Prompt-injection defence

Web content is adversarial — a page can contain instructions aimed at the familiar's prompt layer, hidden in whitespace or zero-width characters, or framed as "system messages." The defence needs more than "ask nicely":

  • Summarisation intermediary. A cheap side model reads the raw search results (optionally after a trafilatura-style HTML-to-text clean-up) and emits a short factual summary. The main LLM sees only the summary, not the raw page text. This removes almost all injection-via-markup vectors at the cost of one extra model call per turn.
  • Content-type whitelisting. Don't follow PDFs, don't render images, don't execute JavaScript. Only plain text / Markdown / HTML body.
  • Quoting discipline. The summary is wrapped in a clearly-delimited <web-search-results>...</web-search-results> block in the system prompt so the main LLM can tell "this is external content" from "this is my instructions." Not a bulletproof defence on its own, but combined with the summariser it closes most of the realistic surface.
  • Size caps. A hard ceiling on how many bytes of web content ever reach the main LLM (before or after summarisation). Prevents a single search burning the entire context budget.

Operator control surface

  • Allow/deny lists. Per-familiar character.toml options for which domains or topics the search provider may touch. Default is "everything"; operators who want stricter scoping opt in.
  • Toggle off entirely. The provider is registered in code but the per-channel ChannelMode can disable it (same shape as how imitate_voice turns off stepped_thinking to protect TTFB).
  • Audit log. Every search query, the URLs fetched, and the final summary all go into the per-turn trace log that ContentSearchProvider already pioneered. "Why did the bot say X?" stays answerable.

Provider shape

Probable module: familiar_connect.context.providers.web_search.

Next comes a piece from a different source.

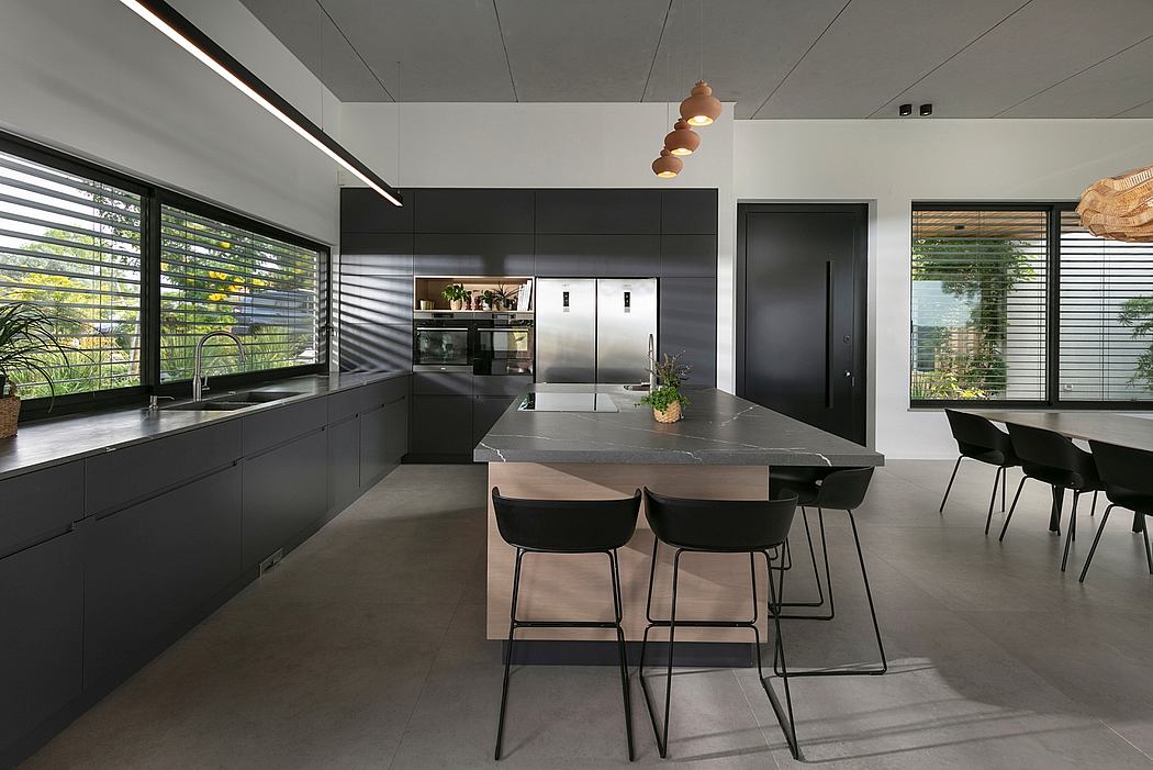 This young family’s property was planned and designed to co-exist with its surroundings. The interior space was designed as an open plan that includes a living room and kitchen both overlooking the breathtaking hills of Ramot Menashe, which are abundant in vineyards and orchards. It appears the outdoors and the indoors blend into one, inviting this stunning view into the property. The interior was designed in clean modern lines with touches of international flavors, while the external wood cladding and the cedar tree pergolas connect the property to the rural feel that characterizes the entire area.

  • Called with the ContextRequest. Decides whether to search based on a cheap heuristic (keywords in the utterance) or on a side-model classifier call — TBD.
  • If it decides to search: builds a query, hits the search API, optionally fetches the top N pages, runs the summariser, and emits one Contribution(layer=Layer.content, priority=...) with the summary and the source URLs in source.
  • Deadline-bounded; falls back to emitting nothing if the deadline hits, never stalls the pipeline. Matches the same pattern HistoryProvider and ContentSearchProvider use.

Non-goals

  • A general web-browsing agent that clicks around the site like a human. Out of scope — one query, top-N results, extract, summarise, done.
  • Search-as-tool-call inside the main LLM loop. Nice later, but it conflicts with the per-turn deadline model and makes caching harder. The provider pattern runs the search before the main LLM call so latency is predictable.
  • Vector-indexed web cache. Same rationale as the first-pass rejection of vector memory — add a caching layer only if measurements show the search call is the bottleneck.

Open questions

  • Does the provider always run, or only on classifier hit? Always-run is simpler but wastes budget and latency on "hi, how are you?" turns. Start with a cheap keyword heuristic; escalate to a side-model classifier if the heuristic is too blunt.
  • Who pays for the search API? Per-operator API key in .env, same as every other third-party credential.
  • How much of the per-turn trace log is safe to show in the /context slash command? URLs are fine; search API keys must never leak. Same sanitisation rules as logging — see Security § logging & error handling.
  • Fallback behaviour when search fails. Emit nothing and let the main LLM admit it doesn't know, or emit a marker contribution saying "web search failed" so the LLM knows why it's uninformed? The latter is more honest but longer-winded.